Israeli Zionist organization executive (born 1976)

Ifat Ovadia-Luski (יפעת עובדיה-לוסקי; born 3 June 1976) is an Israeli executive in Zionist organizations who serves as head of the Department for Combating Antisemitism at the World Zionist Organization. From 2022 to 2025 she served as chairperson of the Jewish National Fund (Keren Kayemeth LeIsrael, KKL-JNF), becoming the first woman to hold that position. She is a member of the Jewish Agency's Board of Trustees and a member of the board of Yad Vashem.

Before her appointment as chair of KKL-JNF, she headed the Department for Hebrew Language and Culture at the World Zionist Organization, and previously served for more than four years as chief executive of World Likud.

==Biography==
Ovadia-Luski was born and raised in Bat Yam. She studied at the ORT Ramat Yosef high school in Bat Yam. She was drafted into the Israel Defense Forces and served in the Education Corps in Jerusalem.

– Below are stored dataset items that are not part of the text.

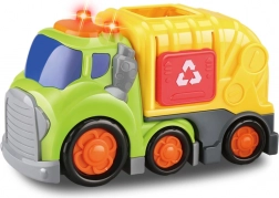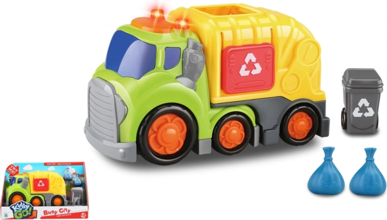 Kiddy Go! garbage truck with light and sound effects, opening cargo compartment, and free-rolling wheels. Includes a trash bin and garbage bags, 2× AA batteries are included. Suitable from 18 months.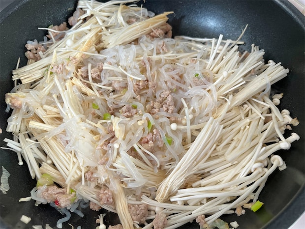 えのきがしんなりして、全体がなじんだらOKです。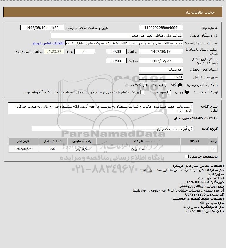 نام دستگاه خریدار:شرکت ملی مناطق نفت خیز جنوب

She has served as a member of the public council for commemorating the legacy of Ze'ev Jabotinsky and as a member of the public council of the Betar movement.

From 2013 to 2015 she served as chief of staff at the Ministry of Defense and the Ministry of Science and Technology, where she helped lead an initiative to make science accessible to peripheral communities and to encourage military enlistment among special populations.

In 2016 she was appointed chief executive of World Likud, the first woman to hold the post. During her tenure she expanded the organization's international activity, recruiting branch heads in Diaspora Jewish communities for programs of Holocaust commemoration and for efforts against antisemitism, hate crimes, and the BDS movement against Israel.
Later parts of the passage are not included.